Finding this opportunity actually began last spring, when Friedman visited St. Olaf College’s Piper Center for Vocation and Career. At the suggestion of staff members there, she utilized the online alumni directory, which led her to Hoffman.
The two corresponded over the summer. Hoffman was enthusiastic to talk about her experiences at the Jewish Historical Society, where she worked until taking a position as project archivist at University of Minnesota’s Andersen Library. She then established another connection for Friedman: Kate Dietrick ‘06, the assistant archivist for the Upper Midwest Jewish Archives, located in the Andersen Library.
The three remained in regular contact and eventually set up a time in August for Friedman to receive a tour of the archives and to meet and speak with Hoffman and Dietrick about their different career paths as well as their perspectives on the field of library science and archives.
“I was there for over three hours. The work they were doing really captured my interest,” Friedman says.

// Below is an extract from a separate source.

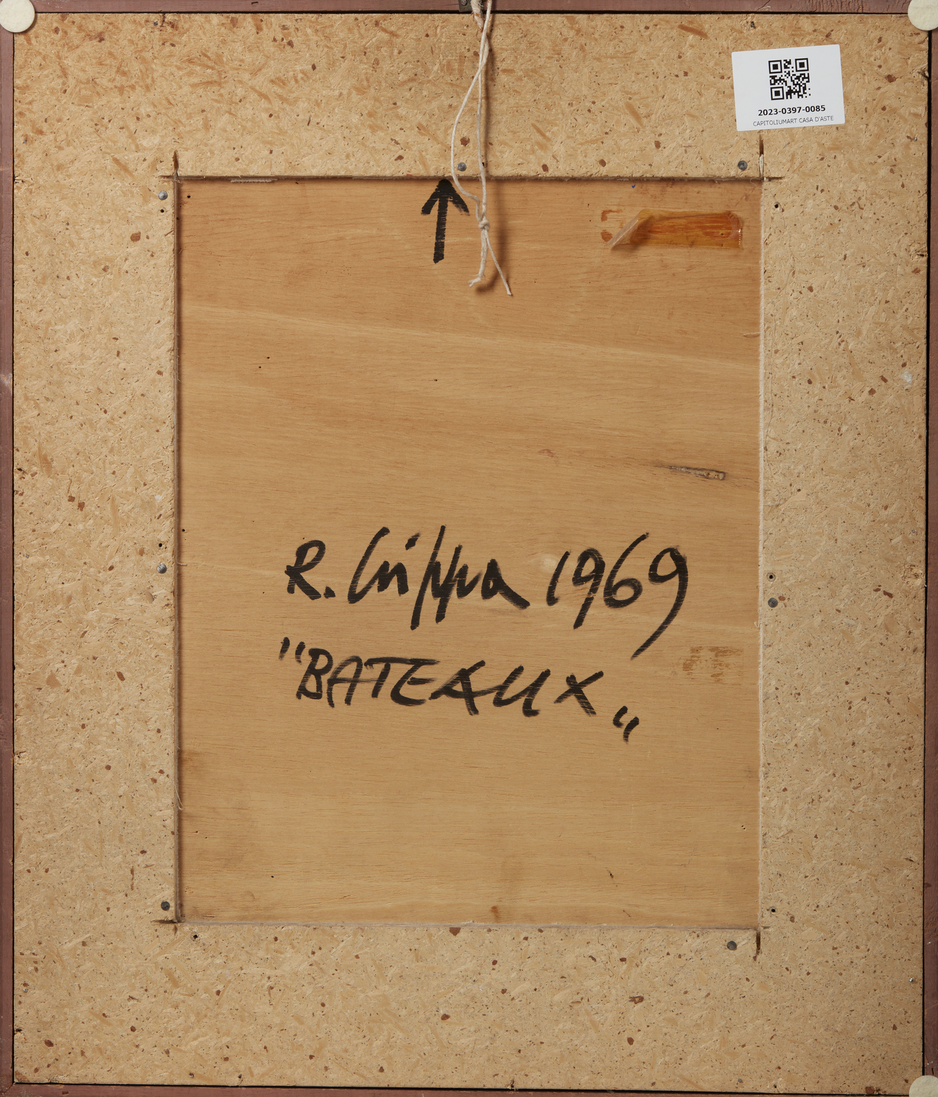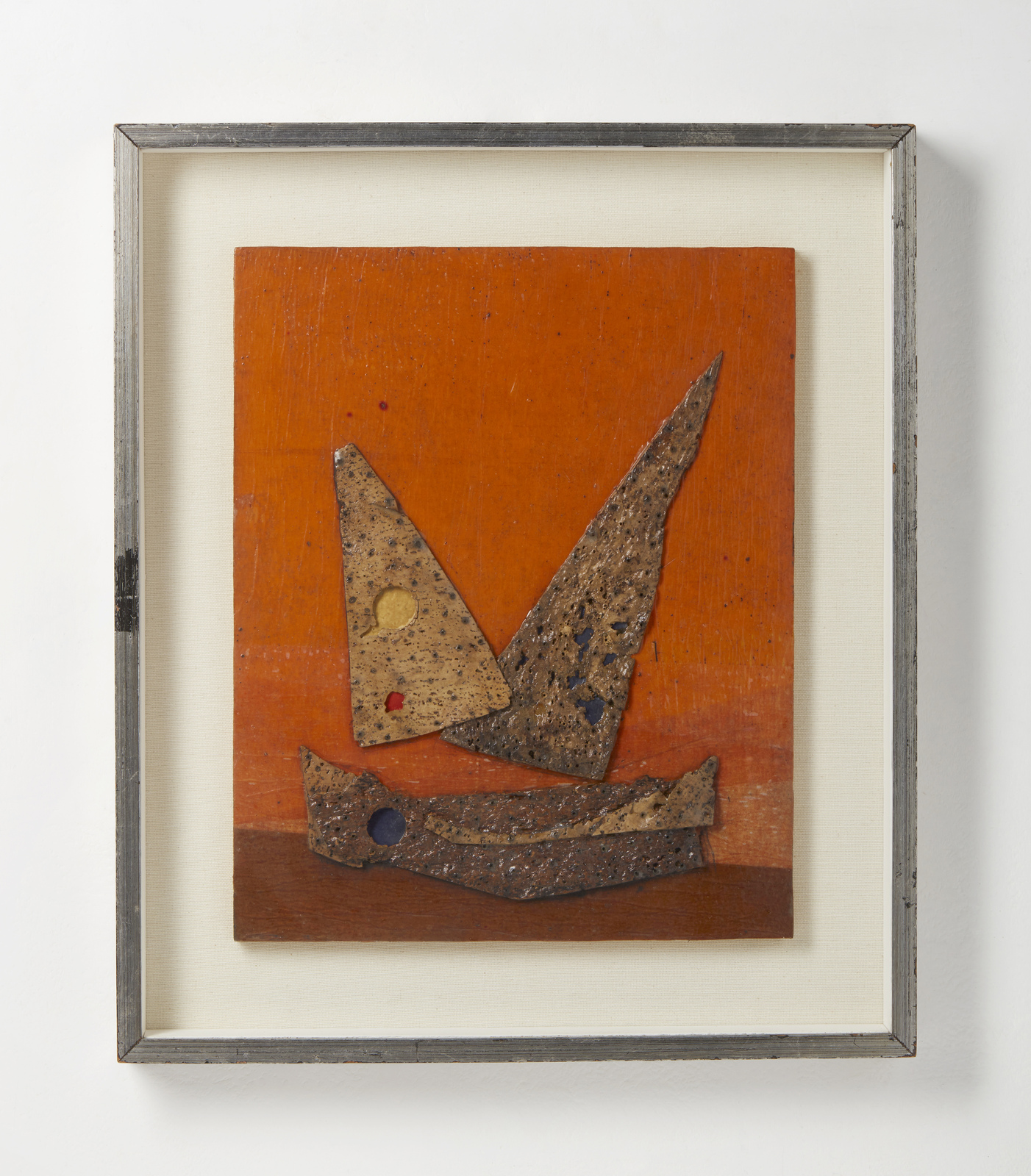 CRIPPA ROBERTO GAETANO (1921 - 1972) Bateaux. 1969. Olio, collage e sughero su tavola. Cm 33,00 x 41,00. Al retro titolo, firma e anno. Autentica su fotografia di Roberto Crippa Jr riportante il relativo numero d'inventario. Provenienza: Collezione Besner - Decca, Piacenza. Difetti. Cornice presente

Friedman received internship funding through the Piper Center, and she’s enjoying a month immersed in an archival setting. She’s also connected with yet another St. Olaf alumna: Linnea Paulson Anderson ’87, the archivist for the Social Welfare History Archives, where the Upper Midwest Jewish Archives are housed.
“My supervisor has made sure to assign me a variety of tasks, from inventorying oral histories to pulling photographs for a website to processing a collection of World War I and World War II letters,” Friedman says. “So far the experience has confirmed my interest in archives and has pretty much convinced me to pursue a graduate degree in library science or public history, both of which would allow me to become an archivist.”